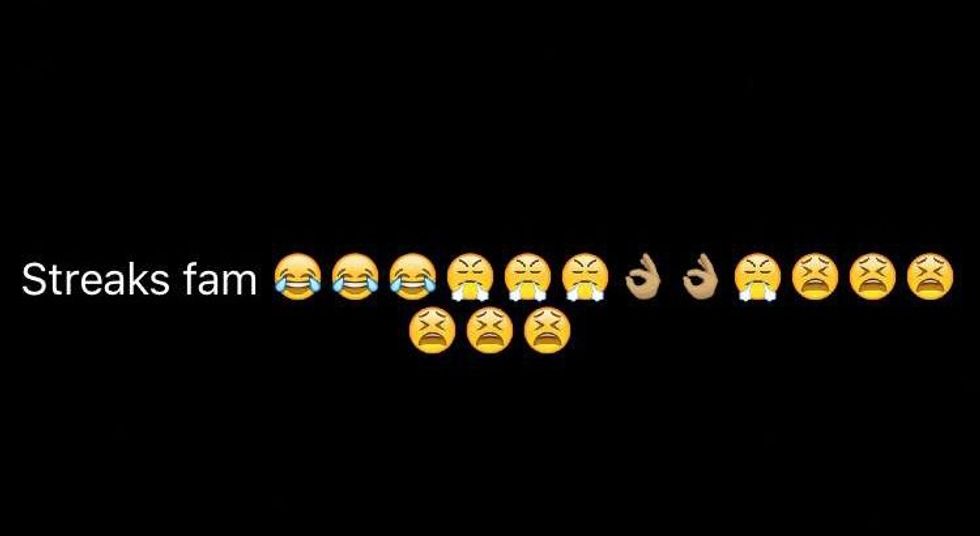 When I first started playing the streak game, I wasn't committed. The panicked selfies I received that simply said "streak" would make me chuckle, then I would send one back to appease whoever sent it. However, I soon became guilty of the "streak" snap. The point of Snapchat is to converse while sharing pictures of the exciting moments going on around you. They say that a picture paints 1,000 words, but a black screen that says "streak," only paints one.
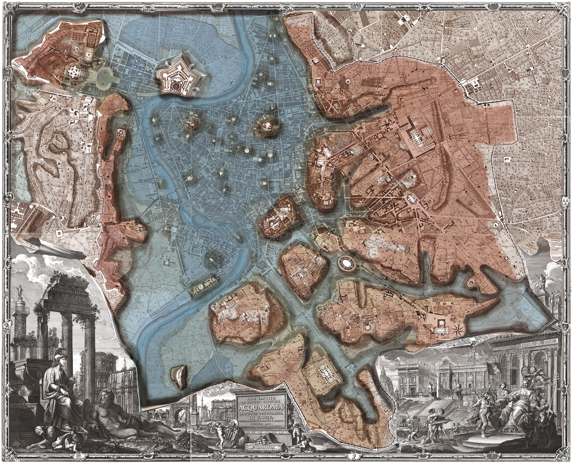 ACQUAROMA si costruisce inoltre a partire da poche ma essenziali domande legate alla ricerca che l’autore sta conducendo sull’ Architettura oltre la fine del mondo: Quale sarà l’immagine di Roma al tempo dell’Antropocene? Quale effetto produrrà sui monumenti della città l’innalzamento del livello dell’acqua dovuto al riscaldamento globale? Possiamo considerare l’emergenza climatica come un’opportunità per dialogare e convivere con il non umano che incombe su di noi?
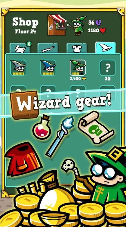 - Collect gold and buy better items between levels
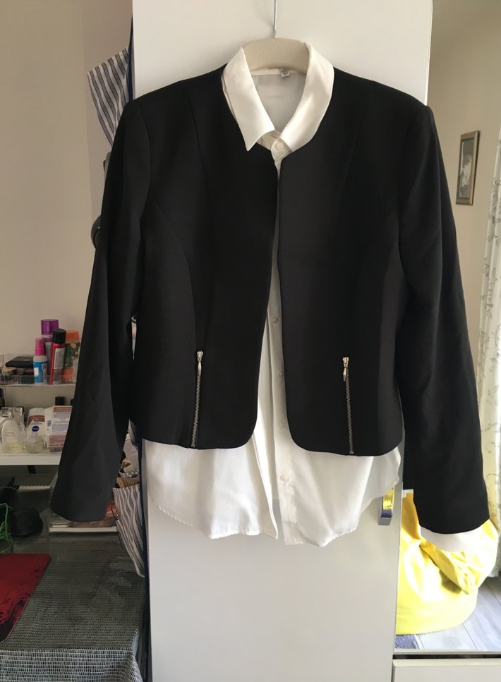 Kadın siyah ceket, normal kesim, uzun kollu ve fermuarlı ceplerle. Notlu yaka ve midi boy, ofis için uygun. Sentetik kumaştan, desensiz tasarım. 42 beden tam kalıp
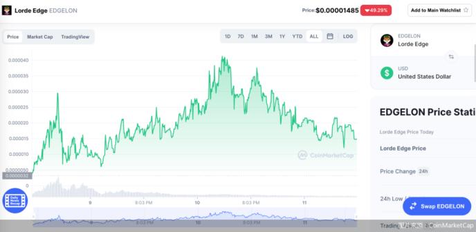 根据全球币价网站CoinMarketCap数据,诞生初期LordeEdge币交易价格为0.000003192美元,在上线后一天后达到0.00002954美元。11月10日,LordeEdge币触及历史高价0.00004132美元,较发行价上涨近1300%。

| HOW TO COMPLETE THIS TASK |
Write out the lines of the listing from the one that holds "Kadın siyah ceket, normal" to the very last line, both included, exactly as they appear and without any pictures.

| TASK SOLUTION |
 Kadın siyah ceket, normal kesim, uzun kollu ve fermuarlı ceplerle. Notlu yaka ve midi boy, ofis için uygun. Sentetik kumaştan, desensiz tasarım. 42 beden tam kalıp
 根据全球币价网站CoinMarketCap数据,诞生初期LordeEdge币交易价格为0.000003192美元,在上线后一天后达到0.00002954美元。11月10日,LordeEdge币触及历史高价0.00004132美元,较发行价上涨近1300%。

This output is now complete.